TASK OBJECTIVE
Write out the records in full and without alteration, setting aside their pictures.

BEGIN

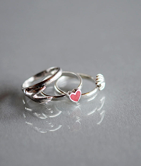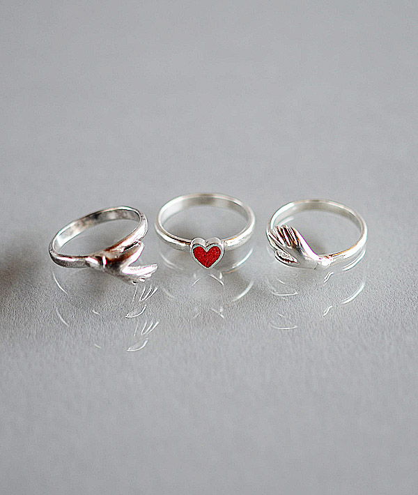 シェイクハンドの中央にハートを挟み込んだ3連リング。
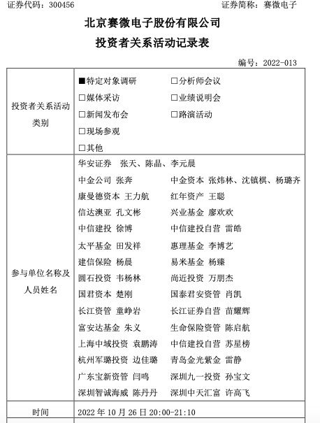 10月27日,北京赛微电子股份有限公司(以下简称“赛微电子”或“公司”)发布公告。公告称,公司于10月26日接受了华安证券、中金公司、康曼德资本等机构投资者的特定对象调研。
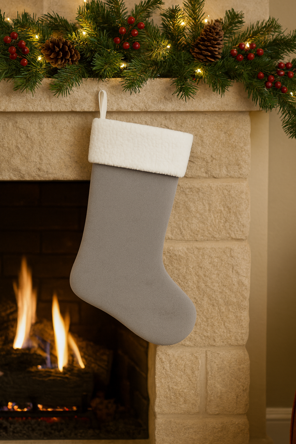 Understated and elegant, this modern grey Christmas stocking offers a chic alternative to traditional festive colours. The body is made from a smooth, soft-touch grey fabric that complements minimalist or contemporary holiday décor. The plush white fleece cuff adds a cosy finish, making it a versatile addition to any festive setup.
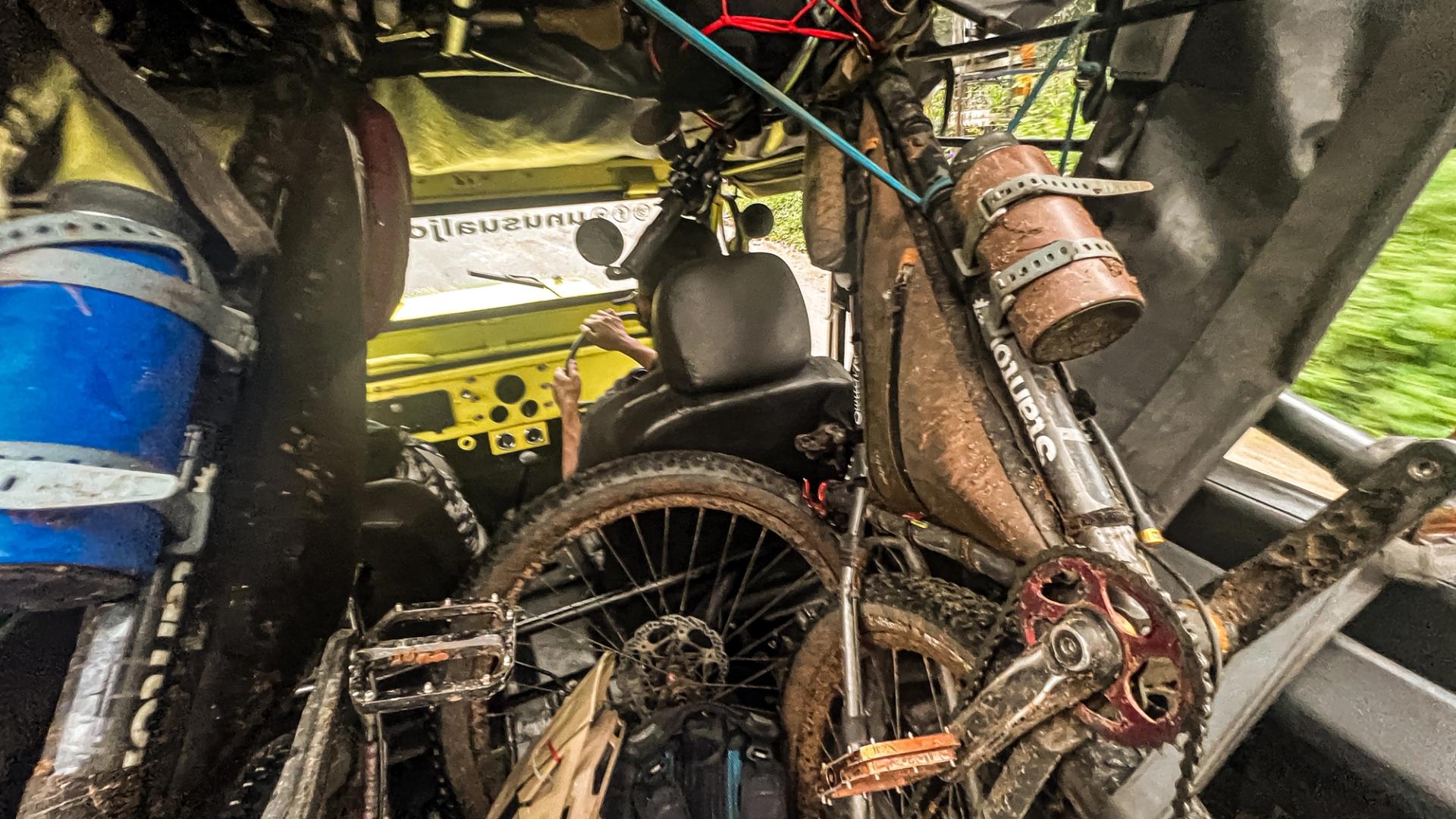 Very occasionally it’s better (and more fun) to get a lift in a jeep – Big thanks to @cycling_iluminati and @unusualjourney for helping us out at the end of our third day out in the rain, jeep lift and nice hotel was most welcome.
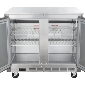 This unit features field reversible doors to make adjusting this unit to your workflow easier. The cartridge style hinges eliminate door sagging and are great for withstanding weight when product is being loaded and unloaded. The interior of this unit comes with 4 epoxy-coated shelves to accommodate any storage need and to give you the flexibility to meet changing menu needs.

END

RESULT OF THE TASK
 シェイクハンドの中央にハートを挟み込んだ3連リング。
 10月27日,北京赛微电子股份有限公司(以下简称“赛微电子”或“公司”)发布公告。公告称,公司于10月26日接受了华安证券、中金公司、康曼德资本等机构投资者的特定对象调研。
 Understated and elegant, this modern grey Christmas stocking offers a chic alternative to traditional festive colours. The body is made from a smooth, soft-touch grey fabric that complements minimalist or contemporary holiday décor. The plush white fleece cuff adds a cosy finish, making it a versatile addition to any festive setup.
 Very occasionally it’s better (and more fun) to get a lift in a jeep – Big thanks to @cycling_iluminati and @unusualjourney for helping us out at the end of our third day out in the rain, jeep lift and nice hotel was most welcome.
 This unit features field reversible doors to make adjusting this unit to your workflow easier. The cartridge style hinges eliminate door sagging and are great for withstanding weight when product is being loaded and unloaded. The interior of this unit comes with 4 epoxy-coated shelves to accommodate any storage need and to give you the flexibility to meet changing menu needs.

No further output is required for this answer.